Bowlersarm · 20/03/2014 13:15

I see dirt/mess. And have to clear it when I see it.

I have no idea whether DH sees dirt/mess or not, but if he does, he doesn't clear it.

steppemum · 20/03/2014 13:20

When we met and got married we were both students.

We agreed, house is cleaned once per week on Saturday, split the cooking 50/50

We chose which bits we wanted to clean, eg I did kitchen, he did bathroom, and so on. That way I got up, did my cleaning and he got up and did his.

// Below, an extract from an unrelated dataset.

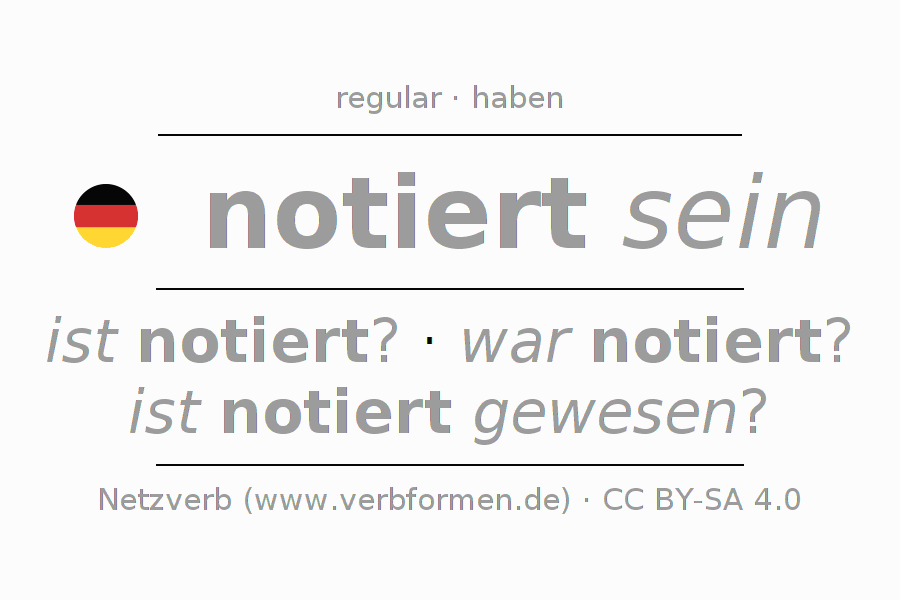 The conjugation of notieren in Subjunctive Present Form of possibility Statal Passive is sei ich notiert?, seiest du notiert?, sei er notiert?, seien wir notiert?, seiet ihr notiert?, seien sie notiert?.The conjugation corresponds to certain grammatical rules. Likewise the requirements for the conjugation of the simple verb forms of notieren in Present Subjunctive. 1Comment ☆5.0
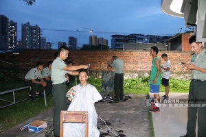 广西新闻网南宁9月9日讯(见习记者 王飞)9月8日,广西区内多所高校拉开新生入学大幕,来自五湖四海的学子们带着兴奋进入大学校园。记者在广西民族大学校园里发现特别的一幕:在一栋宿舍楼前,3位身着制服的学生在给新生们剃头,旁边还围了一圈人。这是怎么一回事?

As long is it was done by sat pm we had a deal.

Now I am SAHP, and I do the cleaning, but as I take on more part time work, dh is taking on more cleaning, at the moment, I organise it - I will say upstairs needs hoovering for example, but as the balance to 50/50 work returns, so will the balance to 50/50 jobs.

Dh has never expected me to do his cleaning, he is very aware that if the loo id dirty, then he should clean it and not 'wait for me to do it' he has never seen it as 'my' job.

I think my brothers are the same,

Maybe it is how we bring up men, so my question is, what are we modelling to our sons?

NotJustACigar · 20/03/2014 13:22

DH does all the housework, although I do sometimes do the cats tray and I do all the ironing. But he dusts, hoovers, takes out the bins, cleans the surfaces, etc etc. I don't even know what cleaning he does or what needs doing. I have also lived with other men in the past and they inevitably did all the housework. Why? Because I tolerate a lot of dirt before it bothers me. I also hate cleaning and prefer to be doing almost anything else. When I lived without a man I had a cleaner!

Men can clean and will clean. Whoever cares more about having a clean house will clean. Whoever doesn't much care will do less, and will only clean due to guilt about their partner doing everything. And being messy isn't unhealthy - I believe it builds up the immune system.

VanitasVanitatum · 20/03/2014 13:28

I've definitely fallen into this trap with my current partner, I really try and fight the feeling that it's a female job but it seems to be in my subconscious. I have started just dividing up jobs and telling him what's his, but that still means me taking responsibility for it in a way.

He definitely feels like he 'should' be taking traditional masculine roles like paying for everything when we're out/paying the bills etc.

I think it's really interesting given that my mum was in no way a housewife, and is a very strong woman, though I suppose my family was still patriarchal.

Dahlen · 20/03/2014 13:36

I am not particularly clean, but I am very tidy. So you might be able to write your name in the dust on my shelves from time to time (less so now we have a family rota) but stuff is not left strewn about and everything is in its place. This comes from many years living in cramped conditions and moving a lot, where the only solution to not feeling in a constant state of chaos or breaking your neck by falling over something was to put it away.

I am not anal about cleaning or tidiness, however. IF you leave a book/gadget lying around, I won't tidy it away or moan about it. But I will not tolerate being expected to pick up after another person, as in doing the washing up they created and left on the side for days, finding and washing their dirty clothes for them. I do find that disrespectful.

TooOldForGlitter · 20/03/2014 14:36

Am I the only person seeing this as advertising?!